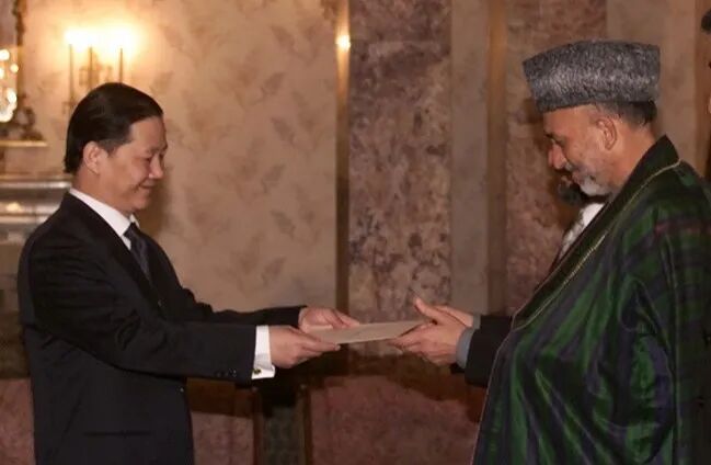 (2002年作者首次出任大使,向阿富汗總統卡爾紮伊遞交國書)
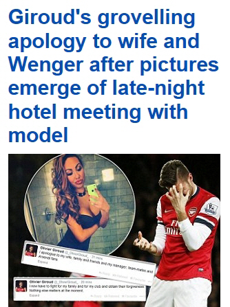 영국에서 모델로 활약 중인 셀리아 케이는 최근 '지루가 지난 2일 크리스탈팰리스전을 반나절 앞두고 선수단과 함께 들어간 호텔에 나를 불러들였다'고 폭로했다. 아스널은 경기 하루 전 선수단 전원이 호텔에 투숙하지만, 외부인과의 접촉은 엄격히 금지되어 있다. 영국 일간지 더선이 이를 대서특필하면서 진위 여부에 관심이 쏠려 왔다. 지루가 백기를 들었다. 지루는 이튿날 자신의 트위터를 통해 '내 아내와 가족, 친구와 감독, 팀 동료, 아스널 팬 등 모두에게 사과?나'며 '지금부터 가족과 클럽 외에 다른 것은 생각하지 않고 싸울 것'이라고 다짐했다.
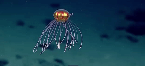 Its body is illuminated in red and yellow while short and long tentacles dangle below it.
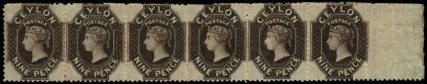 1867-70 9d blackish brown, wmk. crown CC, horizontal marginal strip of six, large part o.g. with a few minor flaws (clipped perfs at top, few minor tone specks), fifth stamp showing the “White Face” variety. Very fine and striking multiple, SG 69b var
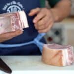 - Season pork chops heavily with grey salt. Heat up the pan.
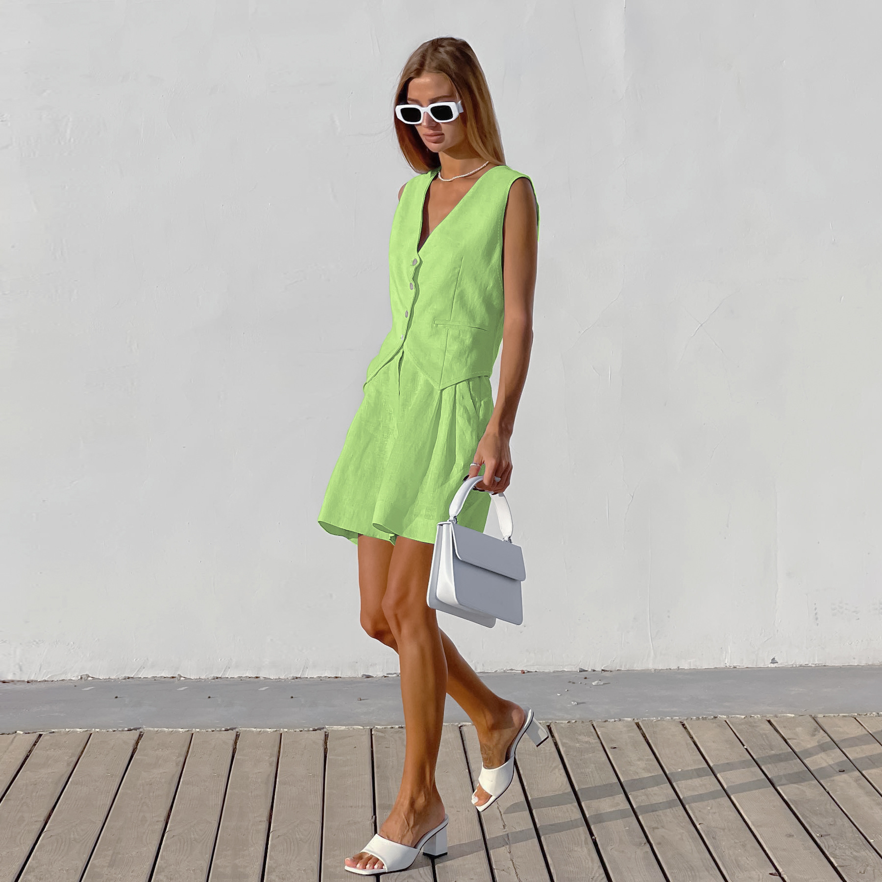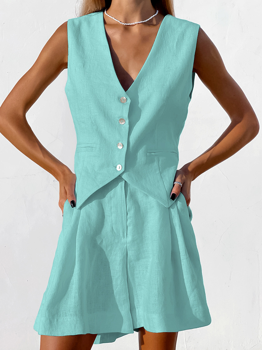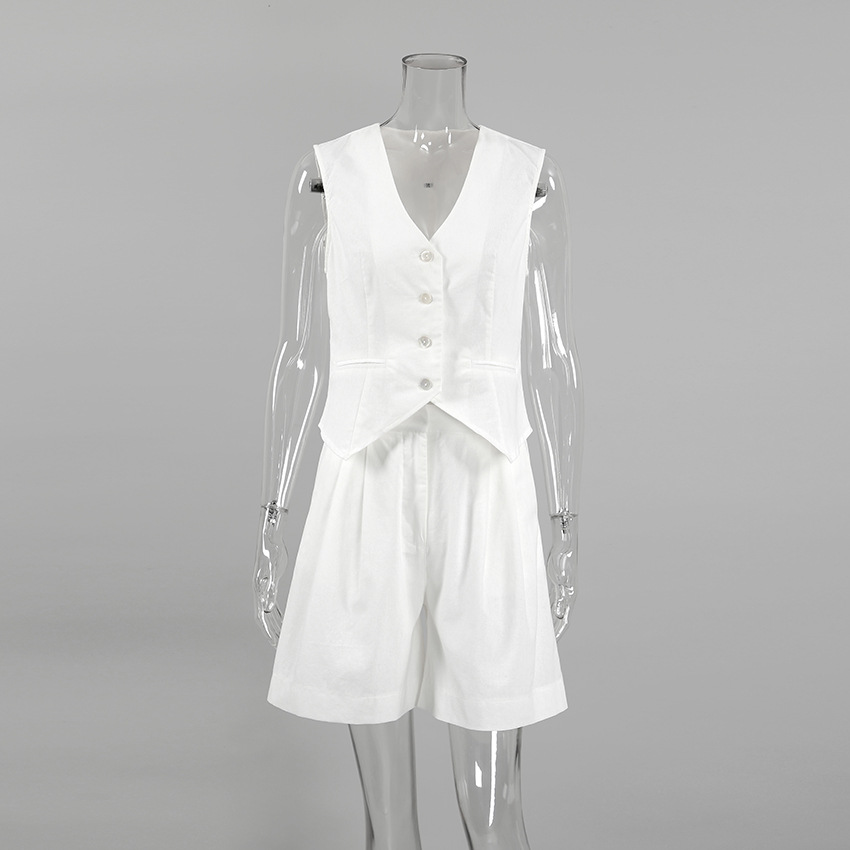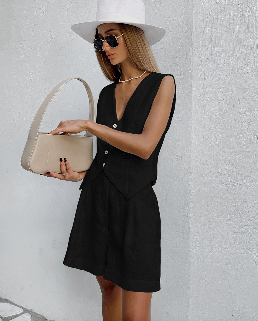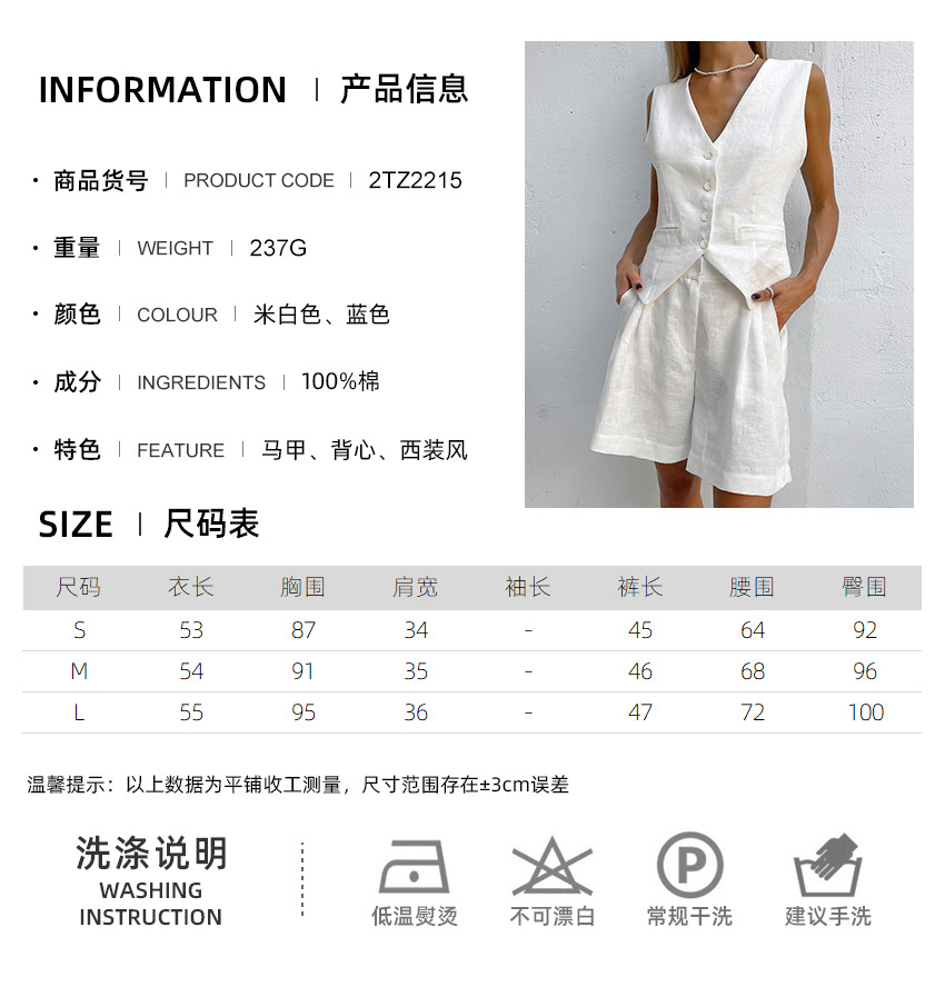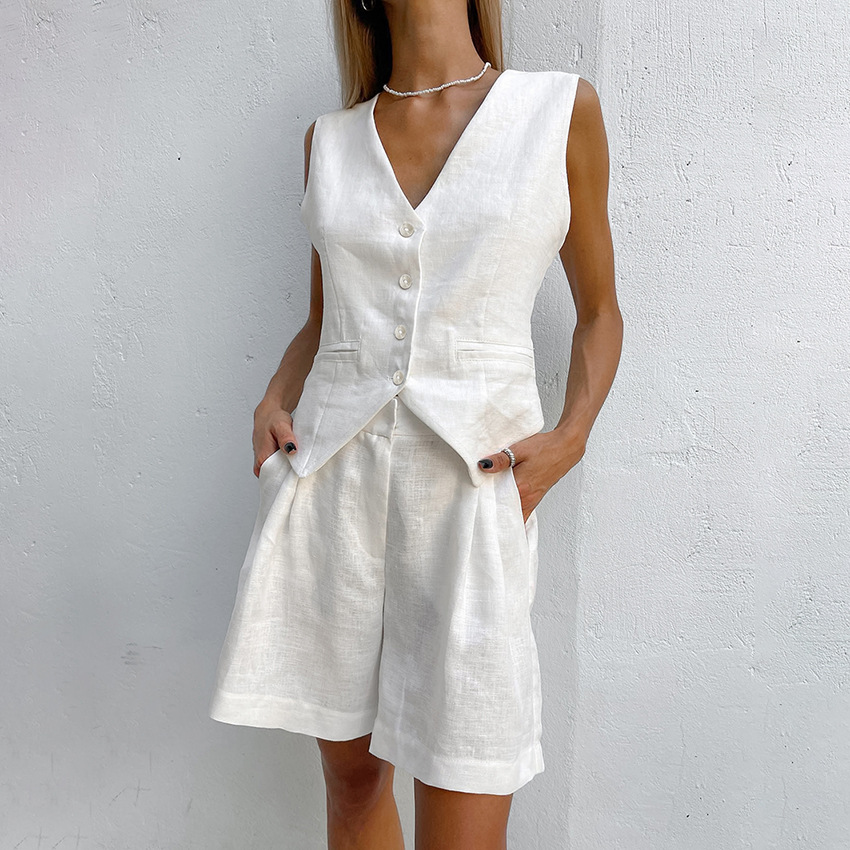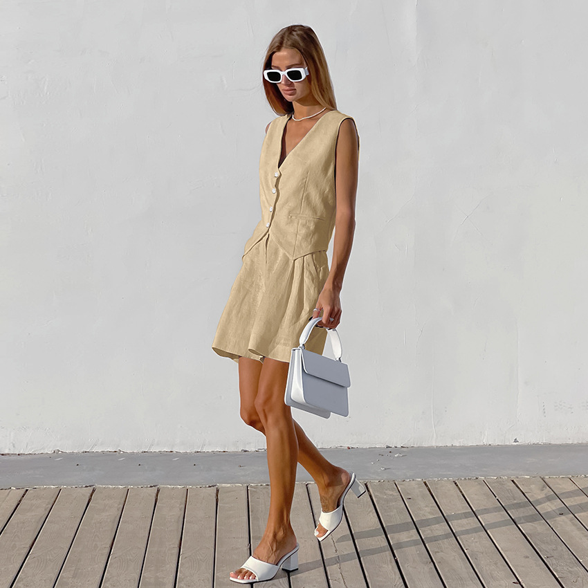 2025 작은 세트 조끼 세트 여름 새로운면 및 린넨 기질 통근 간단한 유럽과 미국의 국경 패션 여성 의류스토어 가기
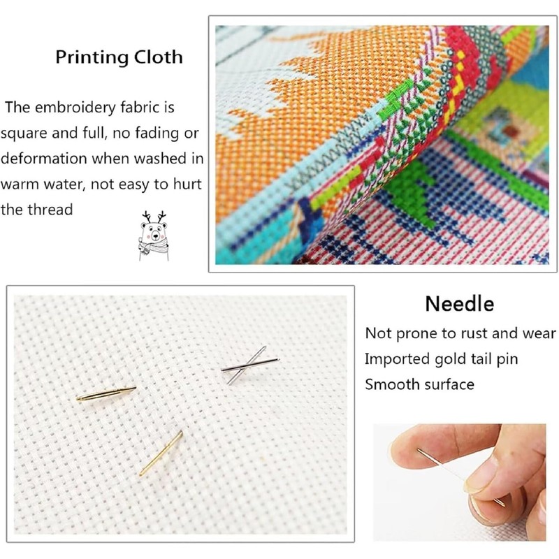 - 💚Packaging Instructions:11CT printed cross stitch fabric size: 18x18 inches, including: embroidery fabric x 1, needle x 2, all color threads (additional 30% embroidery thread), English description x 1, high-definition drawing x 1
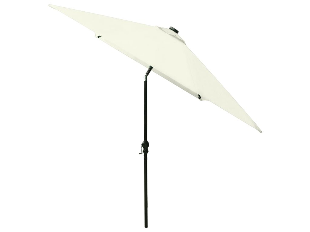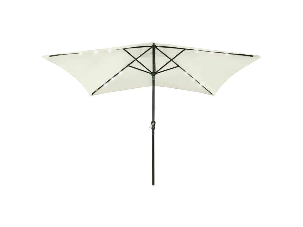 Vonkajší slnečník je vyrobený z polyesteru chrániaceho voči UV žiareniu a odolného voči vyblednutiu, a poskytne vám optimálnu ochranu pred slnkom. Stabilitu zaisťuje aj oceľová tyč a rebrá opatrené práškovým nástrekom. Vďaka kľuke a náklonu je skladací a prenosný. Môže byť pripevnený k existujúcemu stojanu alebo do stredu stola, ak je v ňom k dispozícii otvor. Integrované LED svetlá, ktoré sú napájané solárnym panelom, vytvoria v noci útulné a romantické prostredie.
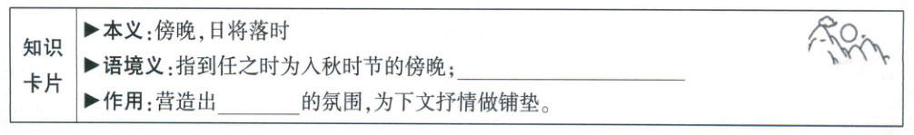 1. 新考法 答题支架 下面是小冀为“可怜薄暮宦游子”中“薄暮”这一意象做的知识卡片,请你帮忙补充完善。(3分)
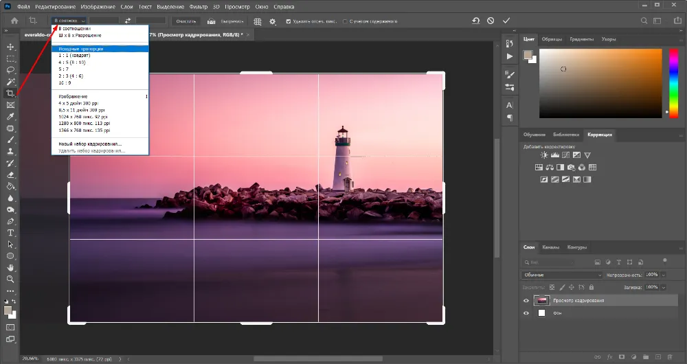 Для кадрирования в Photoshop также имеются шаблоны с заданными параметрами. Они находятся в списке, который появляется при нажатии на пункт «В соотношении».
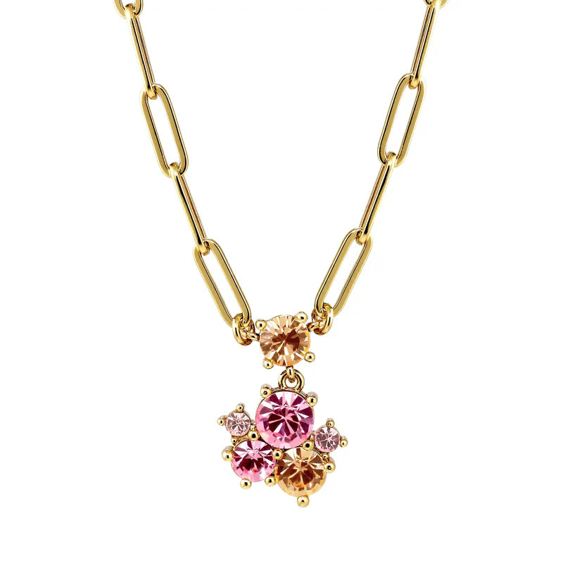 Elegant with a fresh, modern feel, the Tanzy necklace features a refined pendant composed of multiple facet-cut crystals in varying sizes. The mix of rose tones creates depth, colour and movement, making this necklace an effortless statement piece.
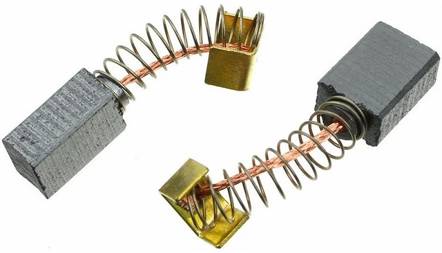 Большая часть электроинструмента все еще работает на щеточных двигателях. Это моторы, в которых напряжение на якорь подается через угольные щетки — подпружиненные контакты из графита. Со временем они стираются и требуют замены, так что их износ вполне можно назвать еще одной возможной неисправностью болгарки.
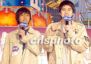 組合Shine兩人1月6日在香港金鐘添馬艦舉行之《環球嘉年華2003/4》出席「Neway終極K Fun嘉年華」演唱會作表演嘉賓,并呼吁歌迷上臺游戲。作者:鄧慶樂
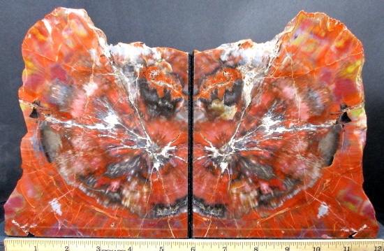 Petrified Wood is a type of a fossil as it consists of fossil wood where all the organic materials have been replaced with minerals while retaining the original structure of the wood. These minerals are most often Silicates such as Quartz. Other minerals, Manganese, Iron and Copper, in the water or mud during the petrification process gives Petrified Wood a variety of color ranges: black – Carbon; green/blue – Copper; red/brown/yellow – Iron. Petrified Wood can preserve the original structure of the wood in all its detail all the way down to the microscopic level. Structures such as tree rings and the various tissues are often observed features. Although Petrified Wood can be found worldwide, it is rather rare in larger quantities and at times can be difficult to obtain by the average collector.
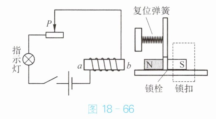 14. 图 18 - 66 是小明同学自制的简易电磁锁原理图。闭合开关,滑片 $ P $ 向左移动,使静止在水平桌面的条形磁体滑动,打开门锁。通电后,电磁铁的 $ a $ 端为

WHAT TO PRODUCE:
Return the records verbatim, minus pictures.

TASK RESPONSE:
 (2002年作者首次出任大使,向阿富汗總統卡爾紮伊遞交國書)
 영국에서 모델로 활약 중인 셀리아 케이는 최근 '지루가 지난 2일 크리스탈팰리스전을 반나절 앞두고 선수단과 함께 들어간 호텔에 나를 불러들였다'고 폭로했다. 아스널은 경기 하루 전 선수단 전원이 호텔에 투숙하지만, 외부인과의 접촉은 엄격히 금지되어 있다. 영국 일간지 더선이 이를 대서특필하면서 진위 여부에 관심이 쏠려 왔다. 지루가 백기를 들었다. 지루는 이튿날 자신의 트위터를 통해 '내 아내와 가족, 친구와 감독, 팀 동료, 아스널 팬 등 모두에게 사과?나'며 '지금부터 가족과 클럽 외에 다른 것은 생각하지 않고 싸울 것'이라고 다짐했다.
 Its body is illuminated in red and yellow while short and long tentacles dangle below it.
 1867-70 9d blackish brown, wmk. crown CC, horizontal marginal strip of six, large part o.g. with a few minor flaws (clipped perfs at top, few minor tone specks), fifth stamp showing the “White Face” variety. Very fine and striking multiple, SG 69b var
 - Season pork chops heavily with grey salt. Heat up the pan.
 2025 작은 세트 조끼 세트 여름 새로운면 및 린넨 기질 통근 간단한 유럽과 미국의 국경 패션 여성 의류스토어 가기
 - 💚Packaging Instructions:11CT printed cross stitch fabric size: 18x18 inches, including: embroidery fabric x 1, needle x 2, all color threads (additional 30% embroidery thread), English description x 1, high-definition drawing x 1
 Vonkajší slnečník je vyrobený z polyesteru chrániaceho voči UV žiareniu a odolného voči vyblednutiu, a poskytne vám optimálnu ochranu pred slnkom. Stabilitu zaisťuje aj oceľová tyč a rebrá opatrené práškovým nástrekom. Vďaka kľuke a náklonu je skladací a prenosný. Môže byť pripevnený k existujúcemu stojanu alebo do stredu stola, ak je v ňom k dispozícii otvor. Integrované LED svetlá, ktoré sú napájané solárnym panelom, vytvoria v noci útulné a romantické prostredie.
 1. 新考法 答题支架 下面是小冀为“可怜薄暮宦游子”中“薄暮”这一意象做的知识卡片,请你帮忙补充完善。(3分)
 Для кадрирования в Photoshop также имеются шаблоны с заданными параметрами. Они находятся в списке, который появляется при нажатии на пункт «В соотношении».
 Elegant with a fresh, modern feel, the Tanzy necklace features a refined pendant composed of multiple facet-cut crystals in varying sizes. The mix of rose tones creates depth, colour and movement, making this necklace an effortless statement piece.
 Большая часть электроинструмента все еще работает на щеточных двигателях. Это моторы, в которых напряжение на якорь подается через угольные щетки — подпружиненные контакты из графита. Со временем они стираются и требуют замены, так что их износ вполне можно назвать еще одной возможной неисправностью болгарки.
 組合Shine兩人1月6日在香港金鐘添馬艦舉行之《環球嘉年華2003/4》出席「Neway終極K Fun嘉年華」演唱會作表演嘉賓,并呼吁歌迷上臺游戲。作者:鄧慶樂
 Petrified Wood is a type of a fossil as it consists of fossil wood where all the organic materials have been replaced with minerals while retaining the original structure of the wood. These minerals are most often Silicates such as Quartz. Other minerals, Manganese, Iron and Copper, in the water or mud during the petrification process gives Petrified Wood a variety of color ranges: black – Carbon; green/blue – Copper; red/brown/yellow – Iron. Petrified Wood can preserve the original structure of the wood in all its detail all the way down to the microscopic level. Structures such as tree rings and the various tissues are often observed features. Although Petrified Wood can be found worldwide, it is rather rare in larger quantities and at times can be difficult to obtain by the average collector.
 14. 图 18 - 66 是小明同学自制的简易电磁锁原理图。闭合开关,滑片 $ P $ 向左移动,使静止在水平桌面的条形磁体滑动,打开门锁。通电后,电磁铁的 $ a $ 端为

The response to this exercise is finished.